Митя втянул табачный воздух казино пересохшими губами. Положил растопыренную пятерню себе на лицо. На пальце блеснул алмазик в золотом перстеньке с печаткой.
– Вот у тебя еще колечко есть, как у голубя на лапке, – томно завздыхал Лангуста, – так отчего же ты менжуешься?.. Кинь мне и его, я и его выиграю!.. И оно мне приглянулось!.. Вот его я подарю той шлюшке, черной Галочке… там, в сауне… воровское какое колечко, тюремное, такие – урки носят на зоне… ты сам не с зоны случайно, Митя, такой знатный?..

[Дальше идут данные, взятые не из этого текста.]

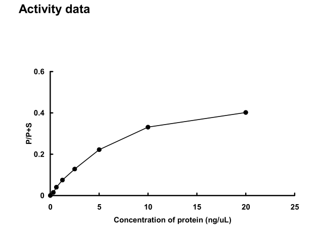 | Bio-activity : | The activity was measured by off-chip mobility shift assay. The enzyme was incubated with fluorecence-labeled substrate and Mg(or Mn)/ATP. The phosphorylated and unphosphorylated substrates were separated and detected by LabChip™3000. |
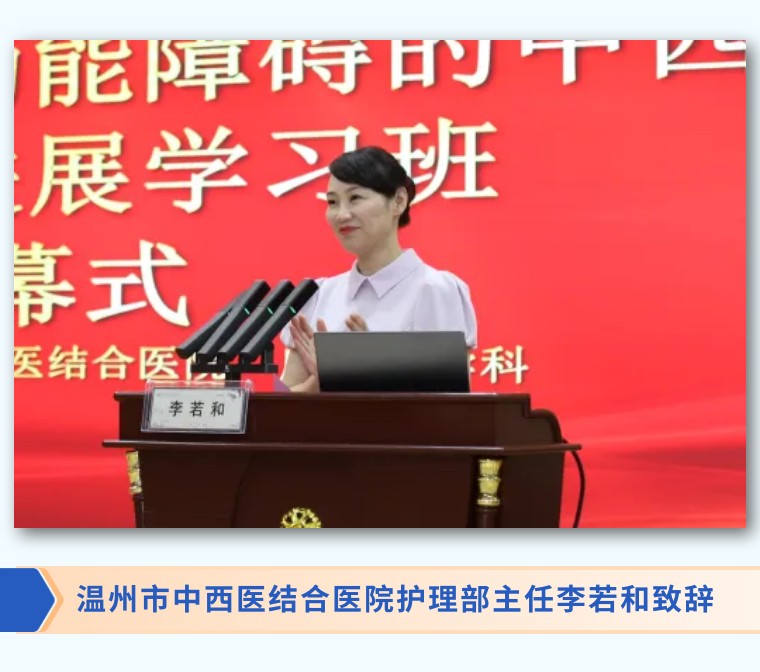 為進(jìn)一步促進(jìn)中西醫(yī)結(jié)合護(hù)理在腦卒中后認(rèn)知功能障礙康復(fù)中的應(yīng)用發(fā)展,8月10日,溫州市中西醫(yī)結(jié)合醫(yī)院成功舉辦“腦卒中后認(rèn)知障礙的中西醫(yī)護(hù)理新進(jìn)展”培訓(xùn)班,溫州市中西醫(yī)結(jié)合醫(yī)院護(hù)理部主任李若和出席會議并致辭。

– С зоны, – не разжимая зубов, кинул Митя, выхватывая у Лангусты из ленивых холеных рук колоду и бешено тасуя ее. – С сибирской проклятой зоны, что сожгла мне все почки. Я ставлю на кон это дерьмо. Если я его отыграю, я кину его в Серебряном бору
Он отыграл колечко с печаткой.
Он отыграл изумруд.
И, когда он выиграл у Лангусты, покрывавшегося все более сильной, призрачной, меловой бледностью, еще и девять тысяч баксов, которых, разумеется, ПРИ СЕБЕ у него не было, но ЗАВТРА… – Лангуста лишь тысячу, лишь жалкую тысчонку кинул ему, сжав зубы, выматерившись, – он понял, что судьба – индейка, что не надо насаживать ее на себя, как мясо на шампур, и подкаливать на медленном огне; ее надо свободно любить, ей надо давать полную волю, ее надо ласкать и гладить, а насиловать ее – нет, ни за что. И, встав из-за курительного стола гордо и вольно, распрямив грудь, как разбойник, зарезавший богача и выбравшийся из лесной чащобы на простор дикого, гудящего вьюжным ветром, заснеженного поля, раздув ноздри, торжествуя, не затолкав на сей раз отыгранный перстень в карман, а надев его, нацепив на палец – он пришелся ему впору лишь на худой мизинец, до того изящны были пальчики у Ириши Голицыной, ведь Царь дарил ей изумруд, а не ему, не тому, кто пришел сюда через сто лет!.. – он пошел вон из зала, вон не навек, конечно, а так, на время, на нынешнюю ночь, ведь он сросся, сроднился с игроками, он вкусил сладкого яда, он еще вернется сюда, господа, и будет играть, но это будет завтра, а сегодня надо спать, спать, спать, и рюмка коньяка на ночь не помешает, – и он не видел, как, когда он выходил в дверь, высокий и худой, расстегнув на сей раз не белый, а черный смокинг, качаясь от бессонья, возбужденья, усталости, вымотанный, отмщенный, победный, – ему в спину смотрел Зяма, по прозвищу Лангуста, тяжело и угрюмо.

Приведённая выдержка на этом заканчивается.